(What to work on) The answer is to be an exact copy of the lines below running from the line with "Always have soft, spreadable" down to the line with "More information about", both ends included, and nothing more.

** Task material follows **

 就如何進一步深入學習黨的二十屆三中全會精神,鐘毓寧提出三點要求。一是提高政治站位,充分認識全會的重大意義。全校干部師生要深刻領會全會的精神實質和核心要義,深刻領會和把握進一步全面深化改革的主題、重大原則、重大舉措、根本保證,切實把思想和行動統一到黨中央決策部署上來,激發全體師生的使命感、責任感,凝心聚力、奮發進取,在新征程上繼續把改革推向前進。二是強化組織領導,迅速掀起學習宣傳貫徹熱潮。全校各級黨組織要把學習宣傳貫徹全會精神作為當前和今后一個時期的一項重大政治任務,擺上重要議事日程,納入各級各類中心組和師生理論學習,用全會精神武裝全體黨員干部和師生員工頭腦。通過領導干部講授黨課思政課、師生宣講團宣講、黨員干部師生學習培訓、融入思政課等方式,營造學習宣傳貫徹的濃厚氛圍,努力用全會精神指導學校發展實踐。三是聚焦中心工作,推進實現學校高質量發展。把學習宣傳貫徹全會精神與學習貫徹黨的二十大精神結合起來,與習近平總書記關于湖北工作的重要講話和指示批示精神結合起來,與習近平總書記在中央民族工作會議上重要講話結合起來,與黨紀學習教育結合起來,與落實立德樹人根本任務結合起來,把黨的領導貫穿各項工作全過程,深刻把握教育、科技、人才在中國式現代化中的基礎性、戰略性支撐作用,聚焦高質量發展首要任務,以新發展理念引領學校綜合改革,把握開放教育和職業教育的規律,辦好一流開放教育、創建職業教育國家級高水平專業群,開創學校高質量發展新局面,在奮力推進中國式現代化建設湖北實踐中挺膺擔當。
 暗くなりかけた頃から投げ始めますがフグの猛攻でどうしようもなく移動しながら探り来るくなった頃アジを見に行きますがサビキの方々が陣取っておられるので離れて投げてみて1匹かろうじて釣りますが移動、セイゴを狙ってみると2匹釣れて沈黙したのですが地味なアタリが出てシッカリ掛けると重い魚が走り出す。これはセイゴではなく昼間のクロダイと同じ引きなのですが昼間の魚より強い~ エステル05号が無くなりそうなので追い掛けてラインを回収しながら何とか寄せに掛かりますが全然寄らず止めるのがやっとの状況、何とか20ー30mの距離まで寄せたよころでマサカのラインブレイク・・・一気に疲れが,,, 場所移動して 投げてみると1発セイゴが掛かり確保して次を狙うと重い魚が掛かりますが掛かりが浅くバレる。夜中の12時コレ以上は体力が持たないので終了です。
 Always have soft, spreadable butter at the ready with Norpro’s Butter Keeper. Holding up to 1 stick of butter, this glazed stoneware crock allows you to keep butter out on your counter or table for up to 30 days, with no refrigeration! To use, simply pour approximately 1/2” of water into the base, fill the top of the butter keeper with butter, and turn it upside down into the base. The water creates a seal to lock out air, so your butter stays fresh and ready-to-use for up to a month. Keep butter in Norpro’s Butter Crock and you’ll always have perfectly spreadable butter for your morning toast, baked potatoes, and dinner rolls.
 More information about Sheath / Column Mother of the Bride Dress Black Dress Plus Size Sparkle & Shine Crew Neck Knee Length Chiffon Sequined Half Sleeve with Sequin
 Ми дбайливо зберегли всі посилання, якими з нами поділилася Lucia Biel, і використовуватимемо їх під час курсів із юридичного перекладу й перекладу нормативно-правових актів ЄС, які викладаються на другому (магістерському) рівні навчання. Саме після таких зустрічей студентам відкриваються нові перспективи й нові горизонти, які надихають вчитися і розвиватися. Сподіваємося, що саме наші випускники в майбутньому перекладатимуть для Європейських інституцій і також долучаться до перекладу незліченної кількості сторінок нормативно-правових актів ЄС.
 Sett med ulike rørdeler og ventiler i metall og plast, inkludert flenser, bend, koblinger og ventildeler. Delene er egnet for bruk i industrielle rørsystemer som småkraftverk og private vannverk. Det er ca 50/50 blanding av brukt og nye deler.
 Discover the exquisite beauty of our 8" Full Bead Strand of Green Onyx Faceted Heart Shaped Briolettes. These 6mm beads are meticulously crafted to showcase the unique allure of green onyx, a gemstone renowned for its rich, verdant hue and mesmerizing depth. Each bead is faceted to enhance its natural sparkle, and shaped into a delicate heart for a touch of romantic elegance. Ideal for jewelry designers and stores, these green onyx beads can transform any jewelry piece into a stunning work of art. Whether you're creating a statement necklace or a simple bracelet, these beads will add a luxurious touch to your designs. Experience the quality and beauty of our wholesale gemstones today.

** End of Task material **

(Response)
 Always have soft, spreadable butter at the ready with Norpro’s Butter Keeper. Holding up to 1 stick of butter, this glazed stoneware crock allows you to keep butter out on your counter or table for up to 30 days, with no refrigeration! To use, simply pour approximately 1/2” of water into the base, fill the top of the butter keeper with butter, and turn it upside down into the base. The water creates a seal to lock out air, so your butter stays fresh and ready-to-use for up to a month. Keep butter in Norpro’s Butter Crock and you’ll always have perfectly spreadable butter for your morning toast, baked potatoes, and dinner rolls.
 More information about Sheath / Column Mother of the Bride Dress Black Dress Plus Size Sparkle & Shine Crew Neck Knee Length Chiffon Sequined Half Sleeve with Sequin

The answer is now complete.